→ What you have to do:
Copy out exactly, from the entries that follow, the line holding "昨日,红米正式发布了旗下入门", the line holding "Soft rain falling", and all lines between them, but no pictures.

+++ Records for processing

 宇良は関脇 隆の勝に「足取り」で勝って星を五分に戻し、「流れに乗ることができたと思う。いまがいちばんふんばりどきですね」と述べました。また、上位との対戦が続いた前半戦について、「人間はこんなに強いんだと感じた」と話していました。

++++++
+++ Records for processing

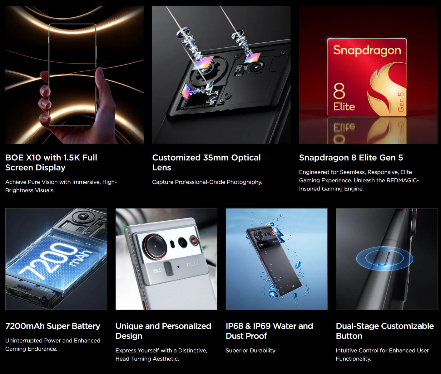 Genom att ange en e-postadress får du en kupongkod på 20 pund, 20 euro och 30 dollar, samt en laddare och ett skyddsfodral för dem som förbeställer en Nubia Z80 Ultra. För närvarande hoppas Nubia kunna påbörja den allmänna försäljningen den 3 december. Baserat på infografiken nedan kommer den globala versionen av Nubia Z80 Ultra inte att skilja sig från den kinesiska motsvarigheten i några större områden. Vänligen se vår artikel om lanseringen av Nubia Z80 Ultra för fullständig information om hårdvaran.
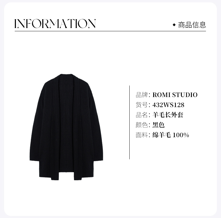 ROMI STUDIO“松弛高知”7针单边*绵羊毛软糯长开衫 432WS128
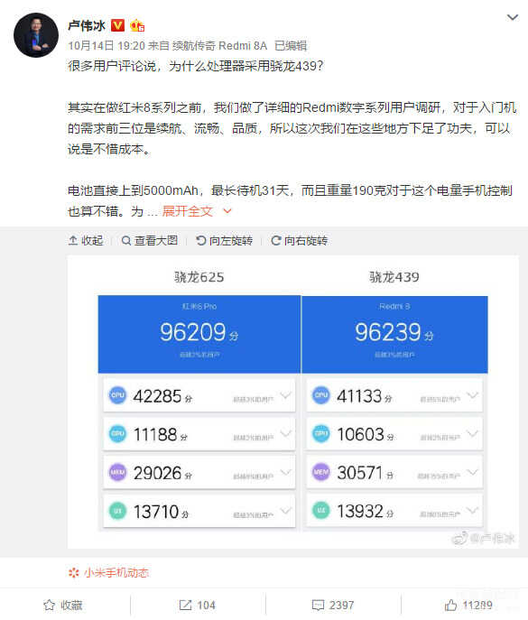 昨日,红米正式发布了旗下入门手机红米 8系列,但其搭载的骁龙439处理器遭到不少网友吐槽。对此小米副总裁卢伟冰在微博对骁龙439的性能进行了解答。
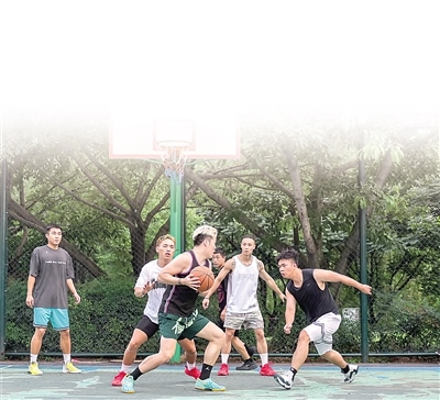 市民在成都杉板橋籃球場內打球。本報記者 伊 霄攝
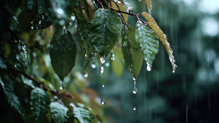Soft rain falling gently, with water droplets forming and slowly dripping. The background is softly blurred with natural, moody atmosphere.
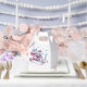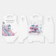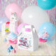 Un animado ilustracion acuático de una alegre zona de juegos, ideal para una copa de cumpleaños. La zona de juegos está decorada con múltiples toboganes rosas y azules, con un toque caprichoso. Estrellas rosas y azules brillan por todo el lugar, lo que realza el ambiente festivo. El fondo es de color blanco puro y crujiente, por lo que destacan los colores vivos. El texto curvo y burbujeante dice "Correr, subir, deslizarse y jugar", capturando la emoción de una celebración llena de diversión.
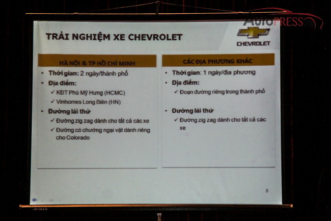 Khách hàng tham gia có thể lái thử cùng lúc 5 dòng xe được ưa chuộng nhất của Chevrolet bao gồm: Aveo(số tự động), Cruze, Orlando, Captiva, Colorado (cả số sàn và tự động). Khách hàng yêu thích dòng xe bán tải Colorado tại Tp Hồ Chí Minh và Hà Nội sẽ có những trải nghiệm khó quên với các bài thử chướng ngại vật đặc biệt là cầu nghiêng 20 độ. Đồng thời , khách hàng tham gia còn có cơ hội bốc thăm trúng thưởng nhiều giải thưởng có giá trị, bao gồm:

++++++
+++ Records for processing

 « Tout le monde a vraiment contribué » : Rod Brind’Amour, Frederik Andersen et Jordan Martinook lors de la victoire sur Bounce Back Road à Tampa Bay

++++++

→ Completed exercise:
 昨日,红米正式发布了旗下入门手机红米 8系列,但其搭载的骁龙439处理器遭到不少网友吐槽。对此小米副总裁卢伟冰在微博对骁龙439的性能进行了解答。
 市民在成都杉板橋籃球場內打球。本報記者 伊 霄攝
Soft rain falling gently, with water droplets forming and slowly dripping. The background is softly blurred with natural, moody atmosphere.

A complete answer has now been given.